Pyramid Search Algorithm

We can first define the following values:

Variable / Constant Definition
$\text{im}_\text{fixed}$ The fixed image that we are attempting to align against.
im The image that we are attempting to align.
$s$ The amount that we scale up the image in each iteration of the pyramid search.
$k$ The number of iterations in the pyramid search.
$(l_x, l_y)$ At each iteration of the pyramid search, we scan across $l_x$ horizontal displacement values and $l_y$ vertical displacement values to check for the optimal alignment.
$(w_{x_i}^s, w_{x_i}^e)$ The starting and ending horizontal displacement values to search at the $i$th iteration of the pyramid search.
$(w_{y_i}^s, w_{y_i}^e)$ The starting and ending vertical displacement values to search at the $i$th iteration of the pyramid search.
$(d_{x_i}, d_{y_i})$ The optimal horizontal and vertical displacements found at the $i$th iteration. $(d_{x_{-1}}, d_{y_{-1}})$ are initiated to (0, 0).

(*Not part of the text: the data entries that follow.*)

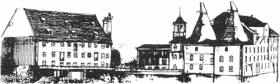
The House Mill (left) and Clock Mill at Three Mills. The latter has been converted into offices

A derelict tidal mill bridges the mud of Bow Creek in East London. It has been idle for fifty years and it leaks. Large portions of the timber framework are damaged by rot and its ironwork by rust. No machinery works, and much of what was there has disappeared. Restoration costs could total several million pounds, yet the House Mill at Three Mills is being restored by an independent trust aided by the European Commission, Government City Action Team, Newham Council, English Heritage, Lea Valley Park, Bass plc, Tesco plc, East London River Initiative, the Prince of Wales' Business in the Community Group and most recently the Inland Waterways Association. The Mill was a key project in a successful 1992 City Challenge bid for grants of £37.5m over five years.
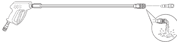
FIGURE 2.3 - GUNVALVE, EXTENSION, & NOZZLE

DO NOT OPERATE GASOLINE AND DIESEL ENGINES IN ENCLOSED AREAS! OPERATE IN WELL VENTILATED AREAS ONLY!
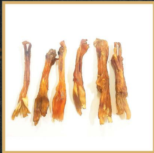
BEEF LEG TENDON
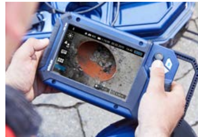
Razor sharp pictures in HD-quality, clear menu and comfortable to hold

The focus function via touch screen or joystick makes it possible to precisely control the depth of focus. A simple tip on the joystick ensures a precise, crystal clear image on the screen. Additional settings and extras, such as the touch screen keyboard, are accessible by tapping the touchscreen monitor.
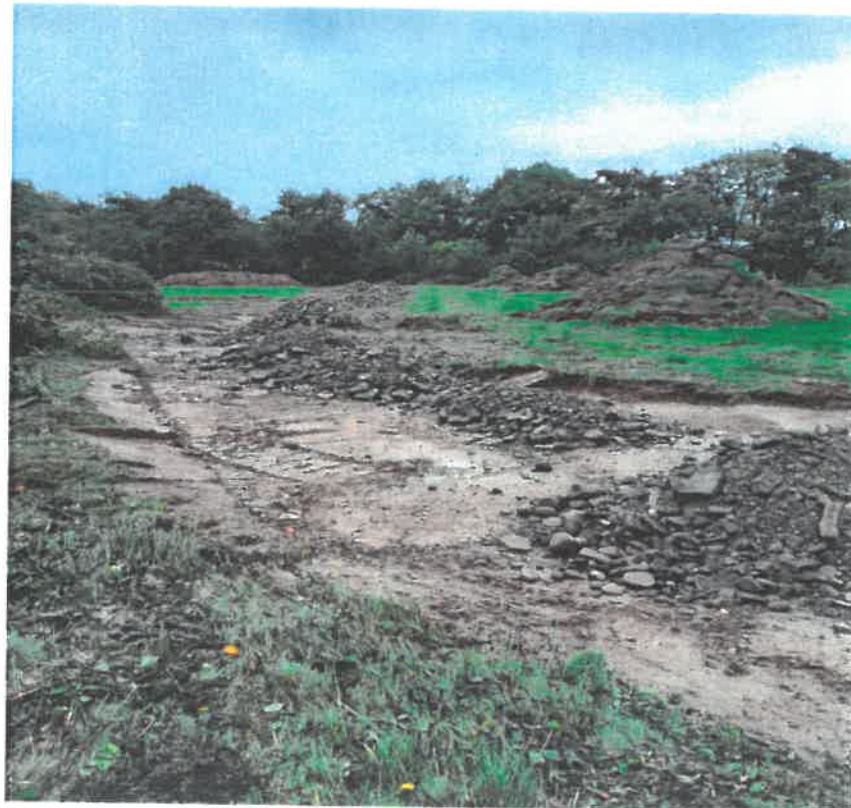
River gravel stockpiled
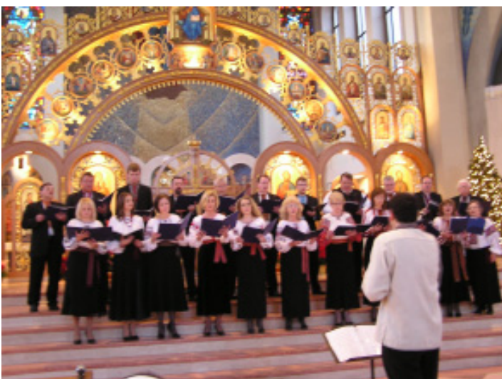
Choir from St. Michael parish, Baltimore, MD
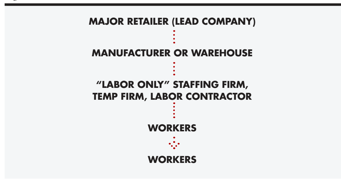
Figure 3: Retail Supply Chain Subcontracting

Under a typical model of outsourced labor in the industry, a lead company contracts with a janitorial company to provide maintenance services at the lead company's facilities. The first tier janitorial company does not directly provide cleaning services, and instead hires second-tier subcontractors to provide cleaning services at a lower price. The second-tier subcontractors provide the janitors to clean facilities. Second-tier subcontractors are often able to make a marginal profit only by engaging in cost-saving strategies, including misclassifying janitors as independent contractors or selling "franchise" licenses to unwitting workers. Second-tier contractors save costs by evading payroll taxes, workers' compensation, and minimum wage and overtime requirements at the cost of the janitorial workers.<sup>6</sup> Industry analysts note that "nonemployers"-those classified as independent contractors and franchises-account for 93 percent of all janitorial service companies.
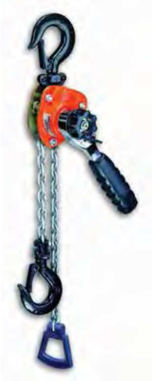
550 LB. Capacity
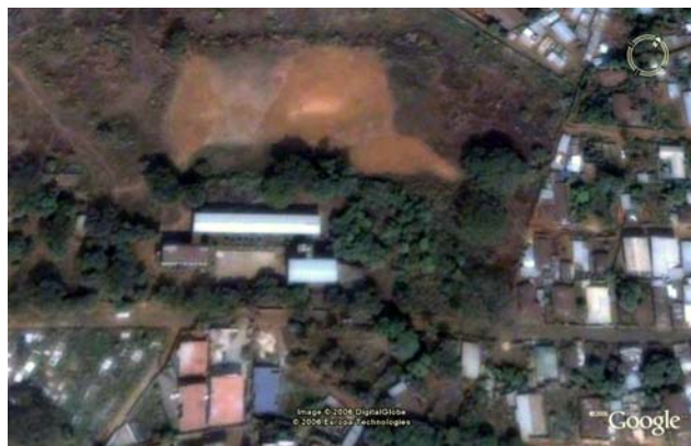
Sierra Leone Grammar School, Murray Town
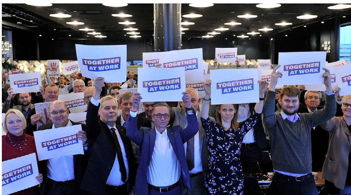
Finnish Prime Minister supporting Together At Work campaign at the Executive Committee in November 2019.
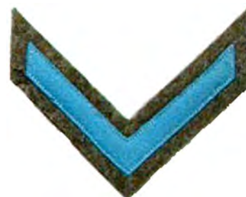
74. WAR SERVICE.
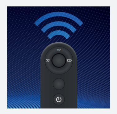
Remote control Through the wall

A motion sensor will detect any movement within 5 meters and immediately deactivate the lamp and sound an alarm.
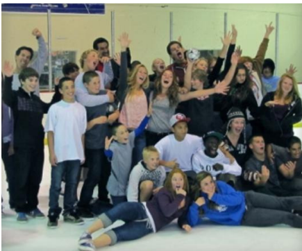
Broomball on the Ice with the First Pres. Youth Group
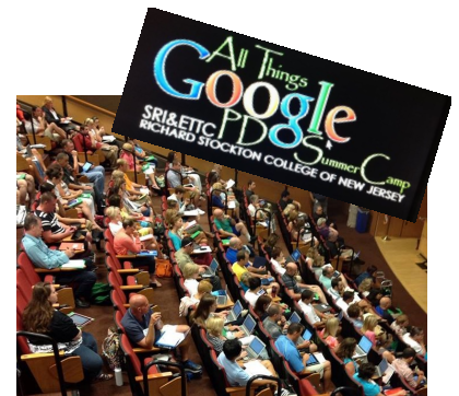
A fully-attended All Things Google Summer Camp in July

Remember to "Like" us on Facebook and get daily updates about workshops and classroom resources.
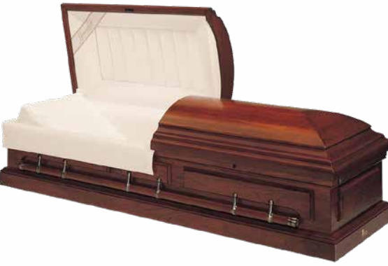
Langdon Cherry by Batesville

Solid Cherry Champagne Velvet Interior Non-protective
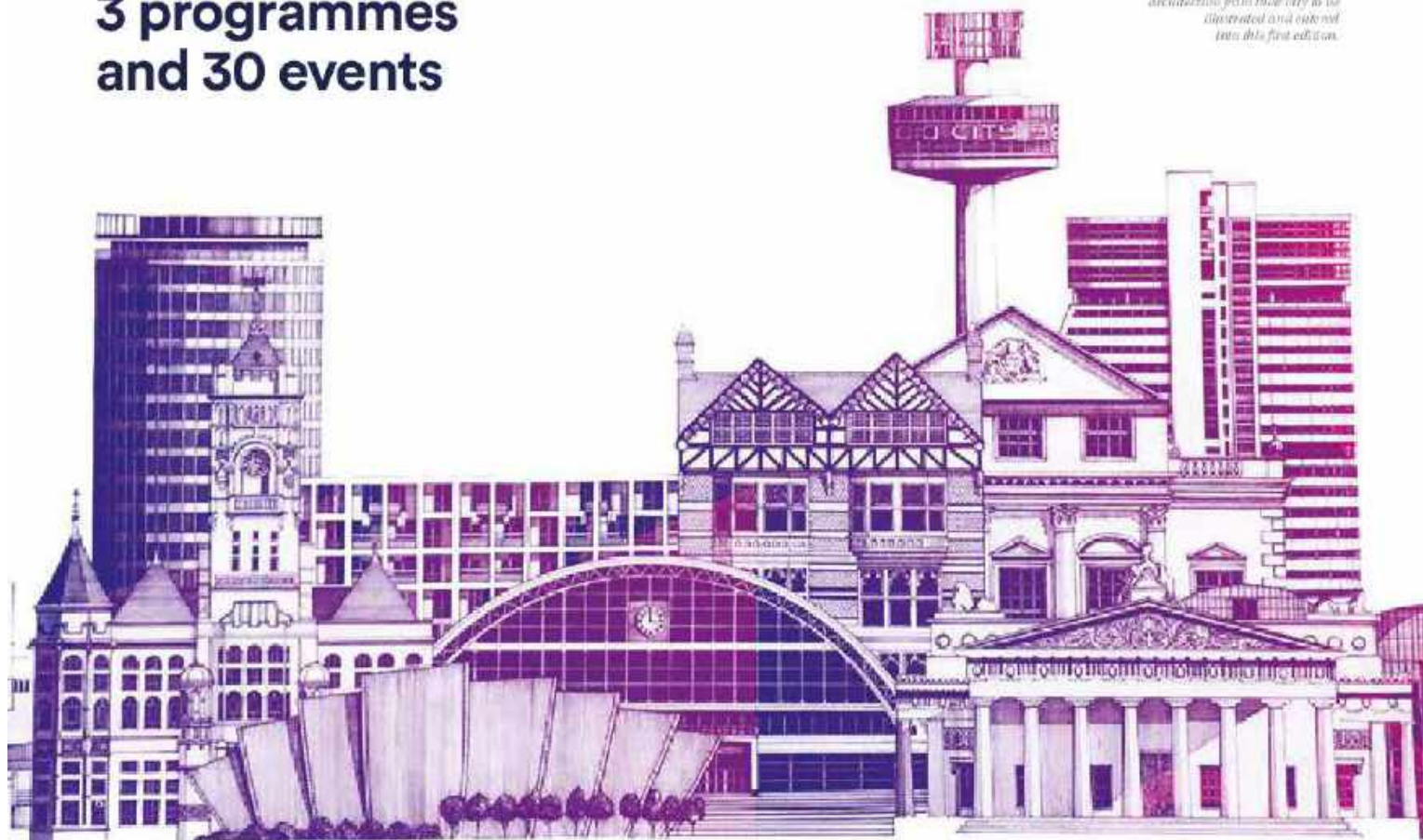
Illustration taken from Specific Skyline 2014 yearbook. 24 practices from around the UK have selected a notable piece of architecture from their city to be illustrated and included into this first edition.
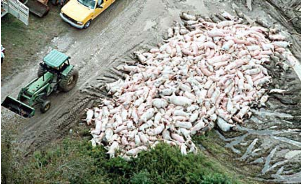
Swine carcasses prepared for burial, Hurricane Floyd aftermath, North Carolina, 1999.

inevitable. It quickly became evident that site selection and burial choice for animals drowned in the disaster elicited strong public opinion and emotions.
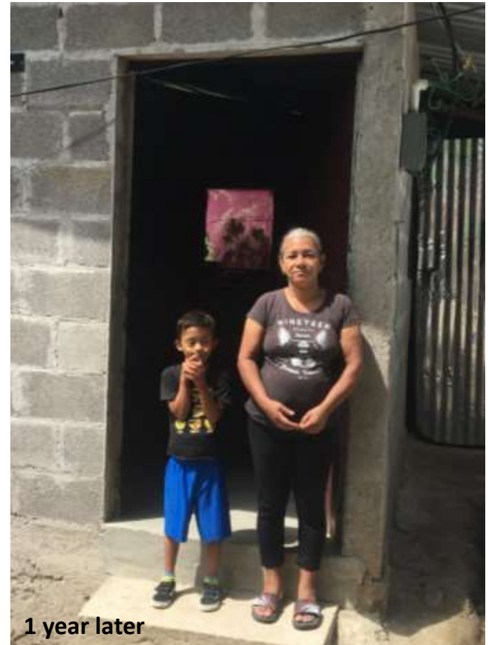
1 year later
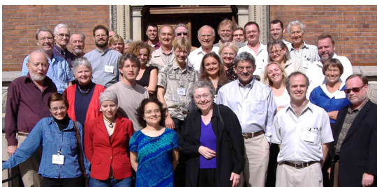
Gathering of scholars at the University of Copenhagen Bateson conference, August 2005

We also have the following functions:

Function Definition
$NCC(\cdot)$ Calculates the normalized cross-correlation of two images.
$scale(\cdot)$ Scale an image by a given factor.
$displace(\cdot)$ Applies a horizontal and vertical displacement to an image.

Using these definitions, we can establish the following recurrence relation: $$(w_{x_{i}}^s, w_{x_{i}}^e) = \Big(sd_{x_{i-1}} - \left \lfloor{\frac{l_x}{2}}\right \rfloor, \ sd_{x_{i-1}} + \left \lfloor{\frac{l_x}{2}}\right \rfloor\Big)$$ $$(w_{y_{i}}^s, w_{y_{i}}^e) = \Big(sd_{y_{i-1}} - \left \lfloor{\frac{l_y}{2}}\right \rfloor, \ sd_{y_{i-1}} + \left \lfloor{\frac{l_y}{2}}\right \rfloor\Big)$$ $$d_{x_{i}} = \text{argmax}_{w_{x_{i}}^s \leq x \leq w_{x_{i}}^e} \text{NCC}(\text{im}_\text{fixed}, \text{displace}(\text{scale}(\text{im}, s^{k-i}), (x, 0)))$$ $$d_{y_{i}} = \text{argmax}_{w_{y_{i}}^s \leq y \leq w_{y_{i}}^e} \text{NCC}(\text{im}_\text{fixed}, \text{displace}(\text{scale}(\text{im}, s^{k-i}), (d_{x_{i}}, y)))$$

We can continue this iterative process until we find $(d_{x_{k-1}}, d_{y_{k-1}})$, which will give us the optimal displacement on the original image. Interestingly, fixing the green channel and finding the displacements on the blue and red channels seemed to work better than fixing the blue channel. This might be due to the fact that the green channel has the greatest variance, making it the best image to compare against.


Bells and Whistles

Upon implementing the naive pyramid search, the produced pictures were still slightly noisy and hazy, with the channels being slightly offset. It seemed like the algorithm could use better features for alignment. Specifically, aligning images based on the various edges in the image makes sense -- these edges exist across all three channels and are very strong signals regarding how to align the images. As such, I used skimage's Canny edge detector to preprocess the images, and aligned the plates using the Canny-filtered images.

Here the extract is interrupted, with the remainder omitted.